Exporters are better at managing risk

Companies that export are more innovative, productive, profitable and risk averse. This, the fourth in a four-part series, talks about exporting and managing risk. (See also: 1st part – Innovation2nd part – Productivity3rd part – Profitability)

Creative Juiices has a niche operation — it offers bottling, labelling and mixing services to small- and medium-sized beverage companies that don’t have their own facilities. It’s been successful since its founding in 2011, but what’s really shored up its achievements is exporting.

After it secured some small U.S. companies as customers, its base of operations was secure, its risk-level minimized, and it was free to explore other markets across the U.S. and in Canada.

Today, the company is the bottler for a popular Canadian Caesar product and also an American maker of malt-based cooler. It also bottles for several small cider houses and craft soda companies.

“The majority of our business is export today,” said Terry Weishar, Director of Operations for Creative Juiices. “Our main projects that got our company going were all exports to the U.S. There are very few co-packaging companies that offer what we do. We cater to the small- to medium-sized brand owners. I’ve been in a number of plants in the U.S. and Canada and a lot of the co-manufacturing facilities are quite large, with high capacity. Our capacity is much lower and we can offer our services to start-up companies with smaller batches, and we can maintain production for them throughout as the brand grows.”
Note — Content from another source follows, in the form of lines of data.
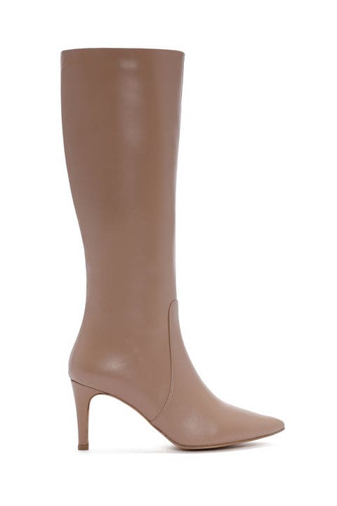چکمه چرم پاشنه نازک شتری زیپ دار دری مد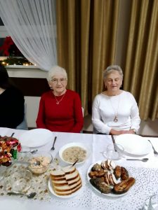 Po przeczytaniu Ewangelii przez księdza wszyscy podzielili się poświęconym opłatkiem składając nawzajem sobie życzenia. Po życzeniach wszyscy zasiedli do kolacji Wigilijnej. Tradycyjne potrawy zostały przygotowane przez nasze panie i panów z KGW.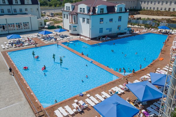 В летний период в парк-отеле «Тихая пристань» функционирует комплекс с открытыми бассейнами. На территории комплекса расположены два плавательных бассейна взрослый и детский с водными горками, удобные лежаки по периметру бассейнов, кафе, бар. Бассейны оснащены современной системой обогрева и фильтрации, что позволяет сохранять воду чистой и наслаждаться комфортным отдыхом даже в прохладный период. Температура воды в бассейнах 28 градусов. Рядом с бассейнами расположена зона активного отдыха: волейбольная площадка и увлекательная игровая зона для маленьких посетителей, оборудованная качелями, горками, лесенками.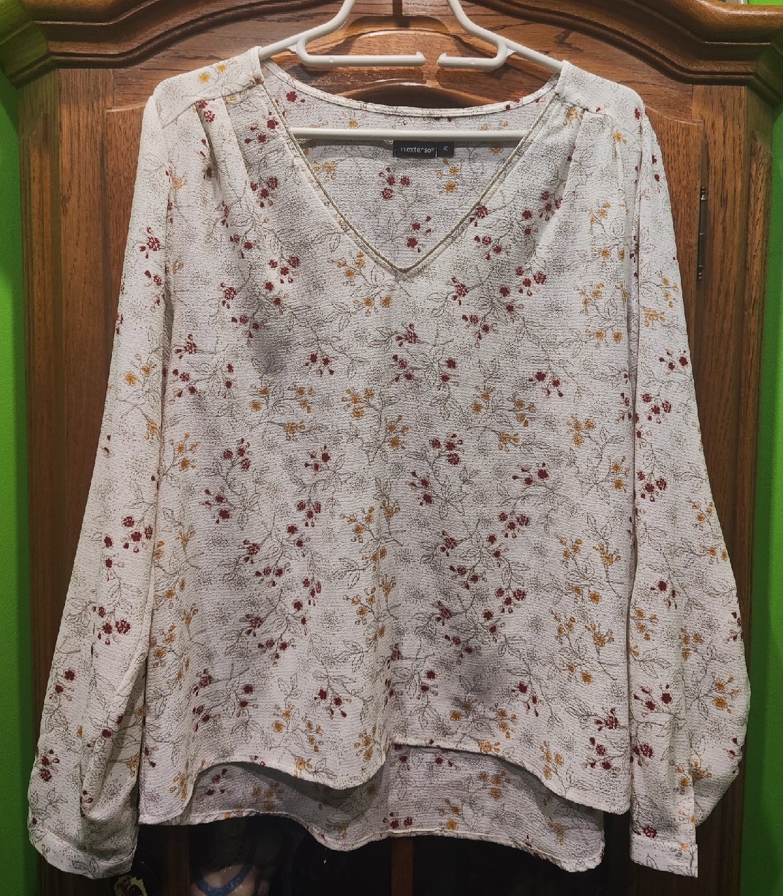 Delikatna i zwiewna bluzeczka. Duża zaleta, że po praniu nie trzeba w ogóle prasować. Dekolt delikatnie zdobiony srebrną nitką. Rękawy zapinane na guzik. Tył jest ciut dłuższy od przodu i zaokrąglony, idealnie pasuje do dżinsowych spodni i spódniczek.

According to Todd Evans, Director of Corporate Research at Export Development Canada (EDC), resiliency is really an extension of the other benefits of exporting: “A company that is more innovative, more productive and more profitable just in an of itself is a company that’s more able to withstand downturns in cycles.”

Bill Currie, Vice Chair and Americas Managing Director at Deloitte, concurs.
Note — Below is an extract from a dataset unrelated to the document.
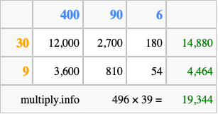 Finally, we add up all the sums we found in step 3 to get our final answer to 496 times 39.

“Companies that export, live longer,” Currie said. “It de-risks you. You can’t say that no one’s ever failed at it, but your chances of success improve.”

Evans said companies that have thoughtful export strategies helps give them that reduction to exposure to international risk. “If you’re not focussing on one product in one market, you tend to be more balanced,” he said. “If you’re a multi-product company in many markets, you’re much more diverse. That makes the company more resilient and more robust. The very nature of having that international footprint really does give them adaptability and flexibility.”

Canada, he said, is a very small domestic market and companies that expand beyond its borders can take advantage of scaled economies.

“If the company is doing a lot of product and research development, they need that international market to amortize those investments and activity over a larger sales base,” Evans said. “Exposure to scale is a big thing in terms of reducing risk.”

An Industry Canada study had the same general findings. It states that “[international] diversification can help businesses better withstand economic shocks across regions, which can support firm survivability and help make Canadian businesses more competitive globally.”